Data excerpt:
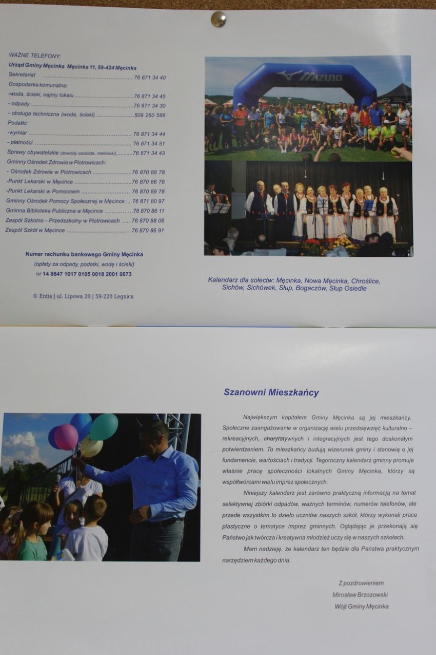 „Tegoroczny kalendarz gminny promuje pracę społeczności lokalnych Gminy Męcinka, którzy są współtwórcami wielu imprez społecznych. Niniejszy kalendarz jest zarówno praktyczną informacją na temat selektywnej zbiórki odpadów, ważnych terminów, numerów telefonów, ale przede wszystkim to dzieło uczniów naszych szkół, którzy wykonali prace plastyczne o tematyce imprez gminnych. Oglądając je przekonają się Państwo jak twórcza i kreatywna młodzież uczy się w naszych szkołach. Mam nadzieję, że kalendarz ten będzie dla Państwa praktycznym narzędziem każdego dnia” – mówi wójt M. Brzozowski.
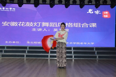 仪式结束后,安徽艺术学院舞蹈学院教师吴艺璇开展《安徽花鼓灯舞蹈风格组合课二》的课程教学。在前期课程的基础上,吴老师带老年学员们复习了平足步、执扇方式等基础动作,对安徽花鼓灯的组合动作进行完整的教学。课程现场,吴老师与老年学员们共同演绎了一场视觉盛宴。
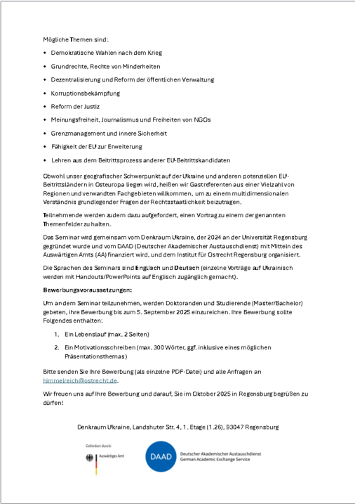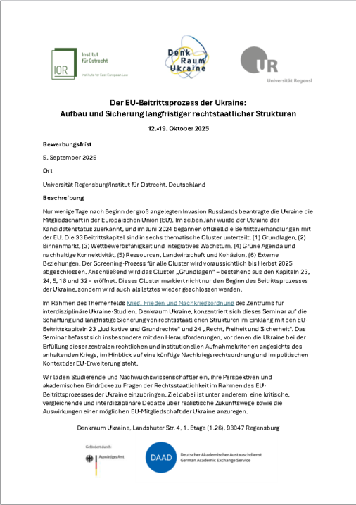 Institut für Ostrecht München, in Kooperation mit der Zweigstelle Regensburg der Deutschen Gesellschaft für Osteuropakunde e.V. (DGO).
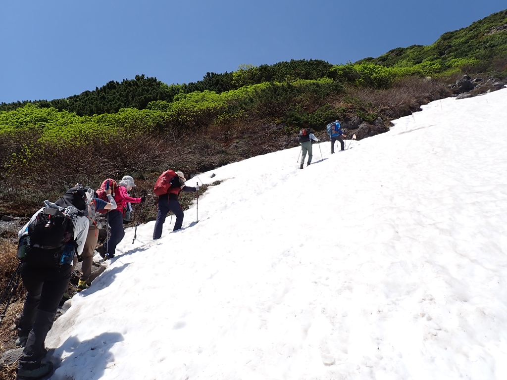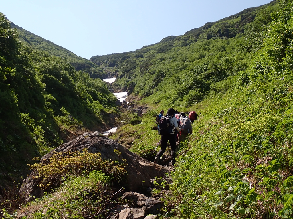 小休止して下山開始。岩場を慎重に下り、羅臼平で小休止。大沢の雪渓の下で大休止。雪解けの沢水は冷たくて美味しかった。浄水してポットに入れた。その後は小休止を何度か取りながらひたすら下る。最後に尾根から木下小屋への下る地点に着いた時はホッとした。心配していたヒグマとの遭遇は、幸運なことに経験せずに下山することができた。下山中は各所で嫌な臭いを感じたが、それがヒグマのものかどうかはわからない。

Task description: Repeat the material exactly and drop each image.

Expected answer:
 „Tegoroczny kalendarz gminny promuje pracę społeczności lokalnych Gminy Męcinka, którzy są współtwórcami wielu imprez społecznych. Niniejszy kalendarz jest zarówno praktyczną informacją na temat selektywnej zbiórki odpadów, ważnych terminów, numerów telefonów, ale przede wszystkim to dzieło uczniów naszych szkół, którzy wykonali prace plastyczne o tematyce imprez gminnych. Oglądając je przekonają się Państwo jak twórcza i kreatywna młodzież uczy się w naszych szkołach. Mam nadzieję, że kalendarz ten będzie dla Państwa praktycznym narzędziem każdego dnia” – mówi wójt M. Brzozowski.
 仪式结束后,安徽艺术学院舞蹈学院教师吴艺璇开展《安徽花鼓灯舞蹈风格组合课二》的课程教学。在前期课程的基础上,吴老师带老年学员们复习了平足步、执扇方式等基础动作,对安徽花鼓灯的组合动作进行完整的教学。课程现场,吴老师与老年学员们共同演绎了一场视觉盛宴。
 Institut für Ostrecht München, in Kooperation mit der Zweigstelle Regensburg der Deutschen Gesellschaft für Osteuropakunde e.V. (DGO).
 小休止して下山開始。岩場を慎重に下り、羅臼平で小休止。大沢の雪渓の下で大休止。雪解けの沢水は冷たくて美味しかった。浄水してポットに入れた。その後は小休止を何度か取りながらひたすら下る。最後に尾根から木下小屋への下る地点に着いた時はホッとした。心配していたヒグマとの遭遇は、幸運なことに経験せずに下山することができた。下山中は各所で嫌な臭いを感じたが、それがヒグマのものかどうかはわからない。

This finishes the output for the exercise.